## What the exercise asks
Can you print the data exactly and leave out each image?
━━━━━━━━━━━━━━━━━━━━
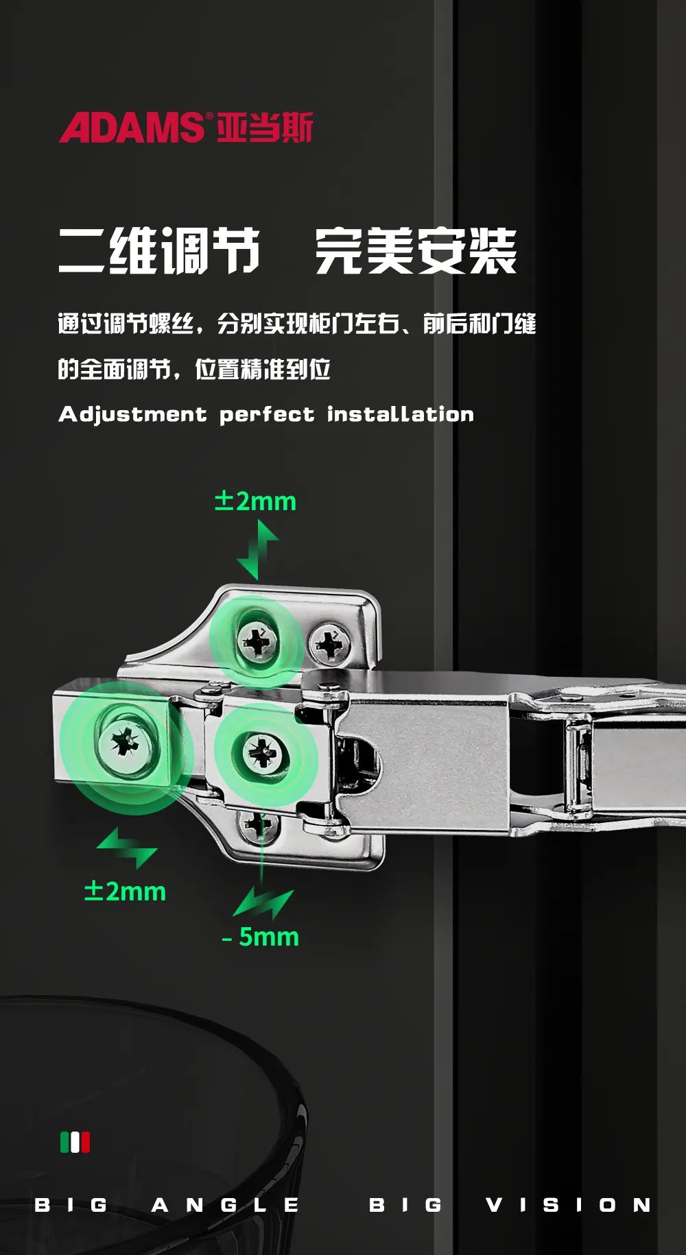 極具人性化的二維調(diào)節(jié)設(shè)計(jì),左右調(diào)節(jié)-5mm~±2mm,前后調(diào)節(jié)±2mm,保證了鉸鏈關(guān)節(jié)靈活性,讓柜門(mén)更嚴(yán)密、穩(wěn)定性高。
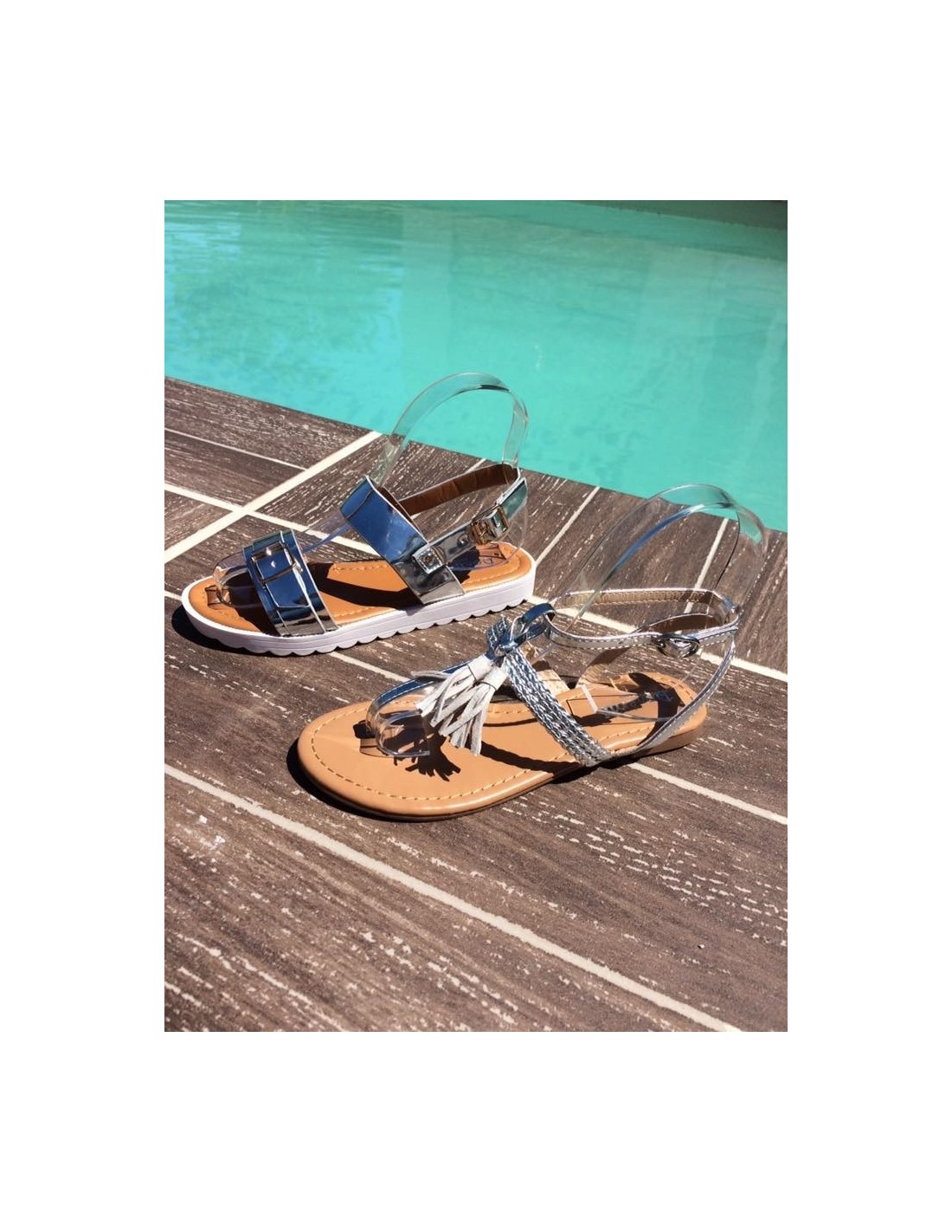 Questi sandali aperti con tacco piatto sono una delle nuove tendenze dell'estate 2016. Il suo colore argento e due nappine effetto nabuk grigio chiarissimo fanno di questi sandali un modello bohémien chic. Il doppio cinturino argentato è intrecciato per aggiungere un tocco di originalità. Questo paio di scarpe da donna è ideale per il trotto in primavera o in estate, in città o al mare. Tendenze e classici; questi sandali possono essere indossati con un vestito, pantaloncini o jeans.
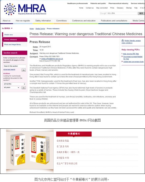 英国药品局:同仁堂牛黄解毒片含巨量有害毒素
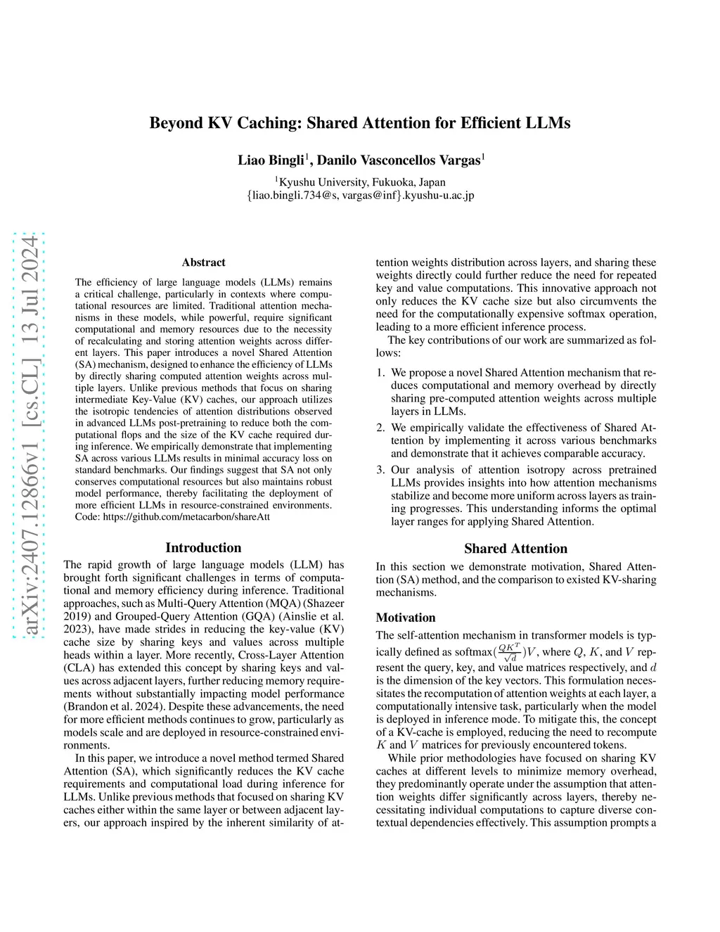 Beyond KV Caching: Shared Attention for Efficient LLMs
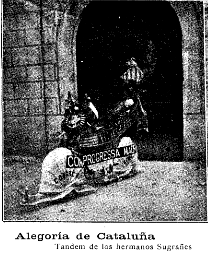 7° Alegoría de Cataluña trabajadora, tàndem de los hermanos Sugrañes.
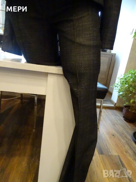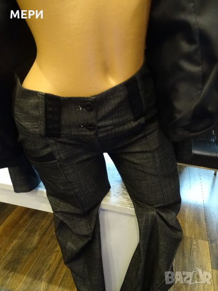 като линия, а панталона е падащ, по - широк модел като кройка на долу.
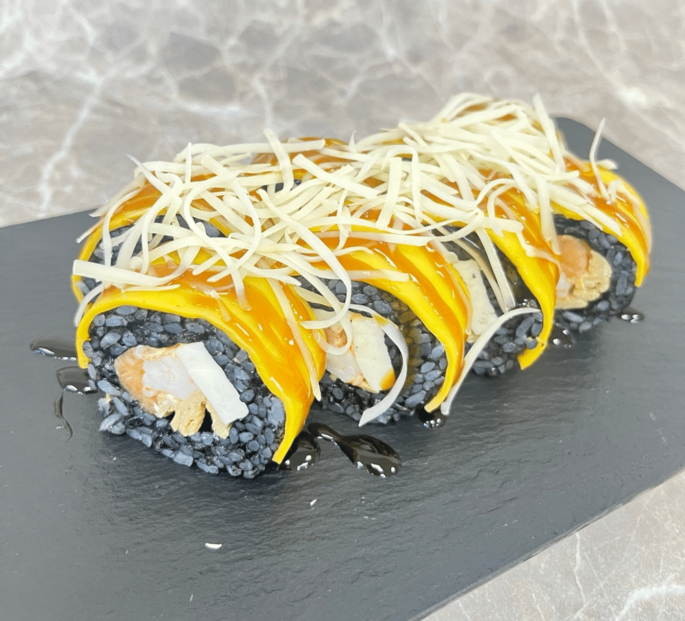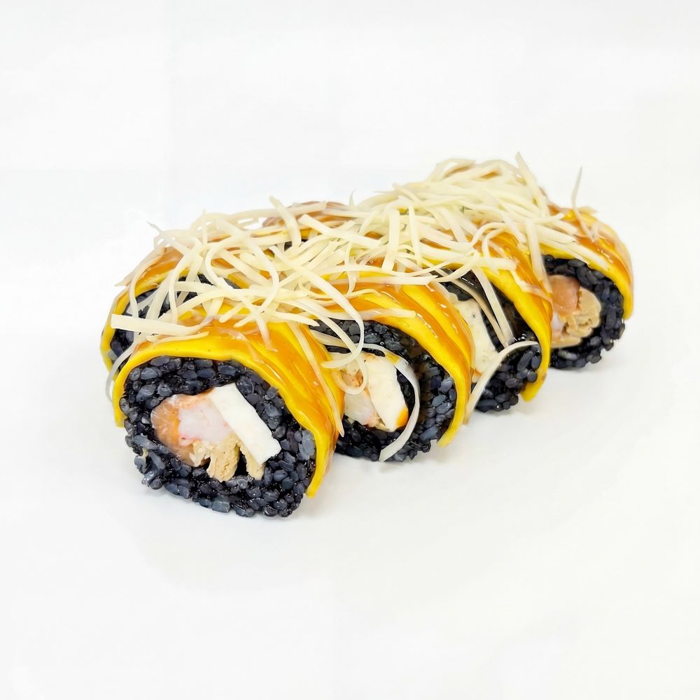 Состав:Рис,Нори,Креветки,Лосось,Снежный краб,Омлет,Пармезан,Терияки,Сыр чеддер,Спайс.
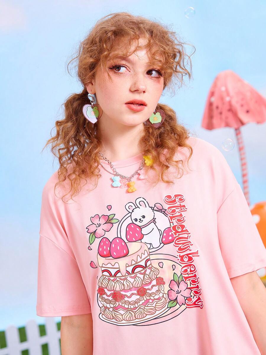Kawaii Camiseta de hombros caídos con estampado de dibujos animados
━━━━━━━━━━━━━━━━━━━━
## Response for this exercise
 極具人性化的二維調(diào)節(jié)設(shè)計(jì),左右調(diào)節(jié)-5mm~±2mm,前后調(diào)節(jié)±2mm,保證了鉸鏈關(guān)節(jié)靈活性,讓柜門(mén)更嚴(yán)密、穩(wěn)定性高。
 Questi sandali aperti con tacco piatto sono una delle nuove tendenze dell'estate 2016. Il suo colore argento e due nappine effetto nabuk grigio chiarissimo fanno di questi sandali un modello bohémien chic. Il doppio cinturino argentato è intrecciato per aggiungere un tocco di originalità. Questo paio di scarpe da donna è ideale per il trotto in primavera o in estate, in città o al mare. Tendenze e classici; questi sandali possono essere indossati con un vestito, pantaloncini o jeans.
 英国药品局:同仁堂牛黄解毒片含巨量有害毒素
 Beyond KV Caching: Shared Attention for Efficient LLMs
 7° Alegoría de Cataluña trabajadora, tàndem de los hermanos Sugrañes.
 като линия, а панталона е падащ, по - широк модел като кройка на долу.
 Состав:Рис,Нори,Креветки,Лосось,Снежный краб,Омлет,Пармезан,Терияки,Сыр чеддер,Спайс.
Kawaii Camiseta de hombros caídos con estampado de dibujos animados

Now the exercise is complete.